» **RECORDS PROVIDED**
---------------

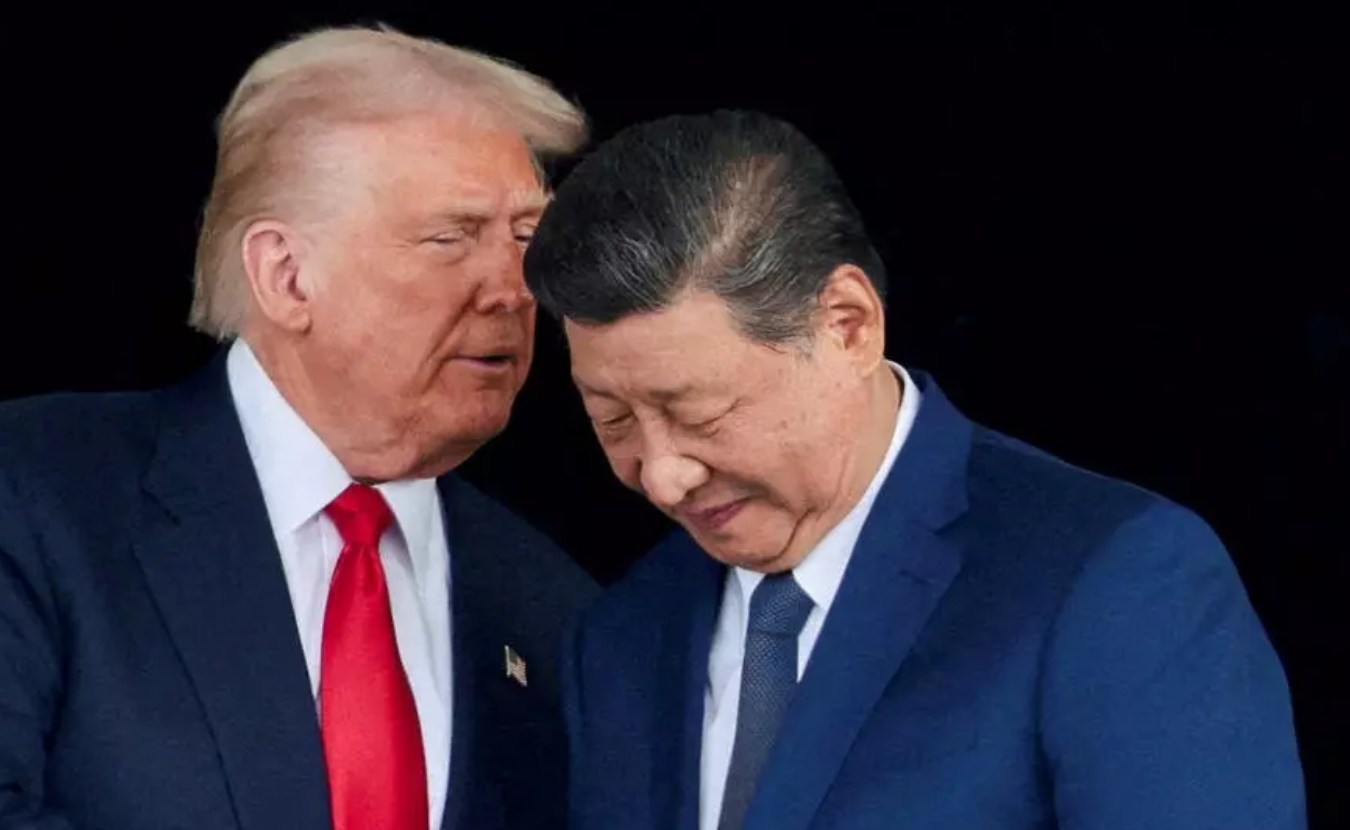 2025年10月30日,在韩国釜山举行的亚太经合组织(APEC)峰会期间,美国总统特朗普与中国国家主席习近平在金海国际机场举行双边会晤后离开时交谈。 REUTERS - Evelyn Hockstein
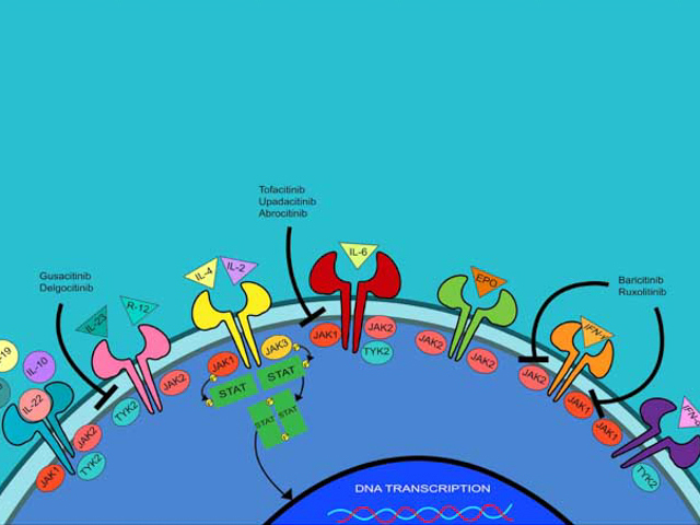 Janus kinase (JAK) inhibitors, also called jakinibs or JAKis, are small molecules that interrupt the JAK-STAT (Signal Transducer and Activator of Transcription) signalling pathways involved in the pathogenesis of many immune-mediated inflammatory diseases (IMIDs).
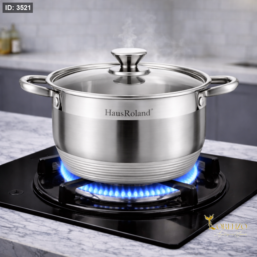 طنجرة عملية وعصرية من HausRoland Germany Design مصممة لتوفير أداء طبخ ممتاز وجودة تدوم طويلاً. مصنوعة من الستانلس ستيل عالي الجودة مع قاعدة متعددة الطبقات لضمان توزيع متساوٍ للحرارة، مما يجعلها مثالية لتحضير الشوربات، الأرز، المعكرونة والعديد من الأطباق اليومية.
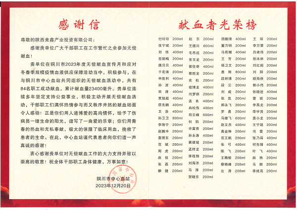 近日,公司收到了一封來自銅川市中心血站的感謝信,信中銅川市中心血站表達了對公司青年員工積極參與無償獻血的感謝之情和誠摯敬意。
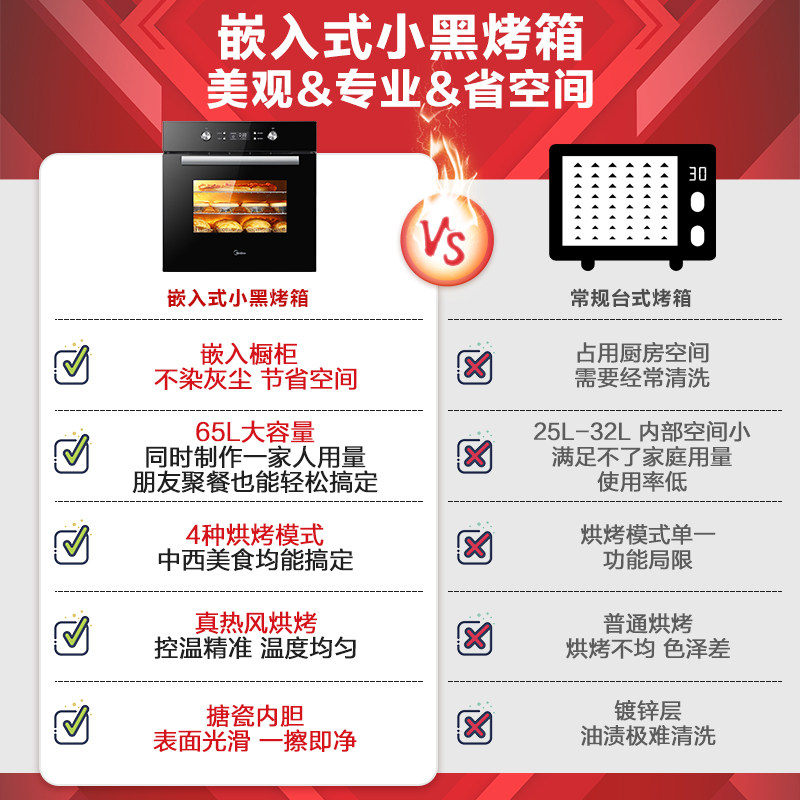 天猫【热销爆款】美的嵌入式电烤箱家用65升大容量小嘿EA0565GC-01SE
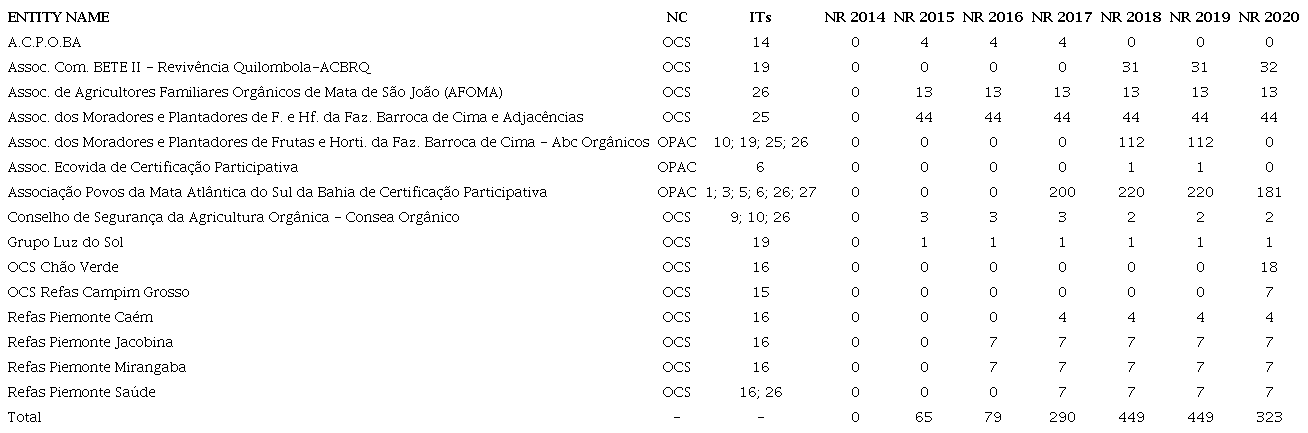 The OCSs corresponded to 80% of the entities; however, the OPACs have more prominence in the amount of registrations, especially the Associação Povos da Mata, which acted in six ITs with a large amount of registrations, and the Assoc. Abc Organics, which acts mainly in the IT-25-Piedmonte Norte de Itapicuru (Table 1).
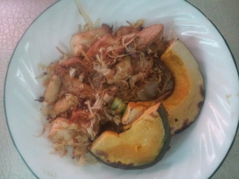 버섯 양파 닭가슴살 굴소스 마지막엔 가쓰오부시
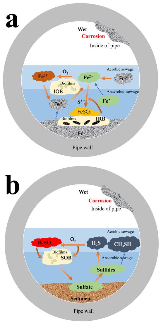 - Jiang, G.; Zhou, M.; Chiu, T.; Sun, X.; Keller, J.; Bond, P. Wastewater-enhanced microbial corrosion of concrete sewers. Environ. Sci. Technol. 2016, 50, 884–892. [Google Scholar] [CrossRef]
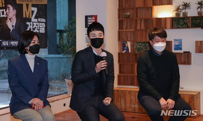 [서울=뉴시스] 국회사진기자단 = 28일 서울 여의도 한 카페에서 열린 'MZ세대라는 거짓말' 북 콘서트에서 저자인 박민영 국민의힘 청년보좌역이 인사말하고 있다. 2022.01.28. photo@newsis.com
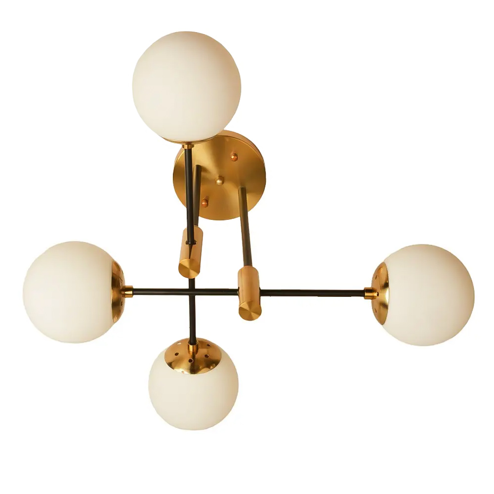 Стельова люстра в стилі Лофт на чотири плафони форми куль які розсіюють світло рівномірно і створюють приємну атмосферу, має стильний і сучасний дизайн, що надає шарму та елегантності вашому простору. Вона підходить для різних інтер'єрів, чи то сучасний, класичний чи інший стиль.

---------------

» **WHAT IS EXPECTED**
Exactly the lines from the one containing "버섯 양파 닭가슴살 굴소스 마지막엔 가쓰오부시" through the end of the data above: repeat those, both ends included, and nothing else. Skip the pictures.

» **EXERCISE SOLUTION**
 버섯 양파 닭가슴살 굴소스 마지막엔 가쓰오부시
 - Jiang, G.; Zhou, M.; Chiu, T.; Sun, X.; Keller, J.; Bond, P. Wastewater-enhanced microbial corrosion of concrete sewers. Environ. Sci. Technol. 2016, 50, 884–892. [Google Scholar] [CrossRef]
 [서울=뉴시스] 국회사진기자단 = 28일 서울 여의도 한 카페에서 열린 'MZ세대라는 거짓말' 북 콘서트에서 저자인 박민영 국민의힘 청년보좌역이 인사말하고 있다. 2022.01.28. photo@newsis.com
 Стельова люстра в стилі Лофт на чотири плафони форми куль які розсіюють світло рівномірно і створюють приємну атмосферу, має стильний і сучасний дизайн, що надає шарму та елегантності вашому простору. Вона підходить для різних інтер'єрів, чи то сучасний, класичний чи інший стиль.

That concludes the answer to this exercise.